Christoph Stephan, Frankfurt
HIV-Positiv, unerkannt, spät-diagnostiziert Herausforderungen während der Behandlung
Warum sagen wir heute “Late Diagnosed” und nicht mehr “Late Presenter”? Im Grundsatz geht’s um das gleiche Kollektiv: Menschen, die mit HIV leben und die HIV-Diagnose erst spät im Verlauf ihrer Infektion gestellt wird und die somit erst mit einer CD4-Zellzahl von höchstens 350/mm3 in die spezialisierte HIV-Versorgung und -Therapie eintreten.1,2 Der Grund, sich mit der Frage zu beschäftigen, ist wichtig. Diese Menschen sind oder werden schwer krank und stellen für die Medizin eine große Herausforderung dar.3 Die individuelle Analyse zeigt, dass Menschen, die nichts von ihrer HIV-Infektion wissen, häufig medizinische Notaufnahmen und Einrichtungen wegen HIV-assoziierten Gesundheitsstörungen aufsuchen, ohne dass ihnen ein HIV-Test angeboten wird. Auf dem Weg zur „Spätdiagnose“ liegen unterwegs meist viele „verpasste Gelegenheiten“ für eine frühere HIV-Diagnosestellung – mit fatalen Folgen und zwar epidemiologisch aufgrund jahrelanger HIV-Weiterverbreitung seitens der spät diagnostizierten Person (nur wer von der Infektion weiß, verhindert die Weitergabe effektiv) und auch individuell, denn eine hohe Morbidität erfordert enorme (intensivmedizinische) Anstrengungen. Patient*innen jenseits eines “point of no return” haben zudem eine hohe Mortalität. Der Begriff „Late-Diagnosed“ spiegelt den Weg der Patient*innen besser wieder. Für die Situation verantwortlich sind nicht die, die mit HIV leben, sondern Mängel im Gesundheitssystem.
Der klinische Fall
Abb. 1 A+B CT-Thoraxaufnahmen eines spät diagnostizierten Menschen mit HIV: atypische Pneumonie beidseits, mit milchglasartigen Infiltraten (A + B), vor Diagnose und Therapie einer Pneumocystis jiroveci-Infektion
Ein 42jähriger Mann mit akademischem Bildungshintergrund, der Sex mit Männern hat, stellt sich mit Luftnot vor, die initial mit 5 L/Min Sauerstoff über Reservoirmaske behandelt wird. Nach Auffälligkeiten in der Thorax-Bildgebung erfolgt eine Computertomographie (CT), die den Befund eines bi-pulmonalen Milchglas-Infiltrats (Abb. 1, A+B) erbringt.

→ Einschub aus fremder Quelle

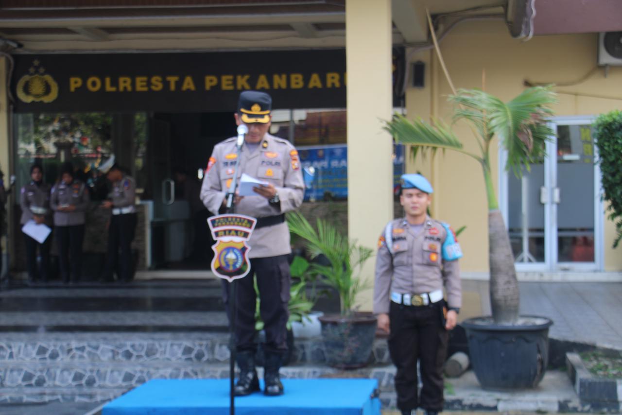 Kabag Ops Polresta Pekanbaru Kompol Tri Budiyanto, S.H., S.I.K., menyampaikan bahwa Apel Gelar Pasukan merupakan tahapan penting untuk memastikan kesiapan personel sebelum pelaksanaan operasi di lapangan.

Der HIV-Test ist positiv und es zeigt sich im Labor eine stark erniedrigte CD4-Zellzahl (87/µL) sowie eine hohe HIV-RNA (455.000 cop/mL). In der broncho-aveolären Lavage (BAL) gelingt der mikroskopische Nachweis von Pneumocystis jiroveci (Grocott-Färbung), woraufhin eine intravenöse Therapie des Patienten mit hochdosiertem Cotrimoxazol beginnt (gewichtsadaptiert, hier: 3x 5 Ampullen à 480 mg), begleitet von Steroiden (initial 2x 40 mg Prednisolon).
Frage 1: Wann sollte bei diesen Pat. die antiretrovirale Therapie (ART) begonnen werden?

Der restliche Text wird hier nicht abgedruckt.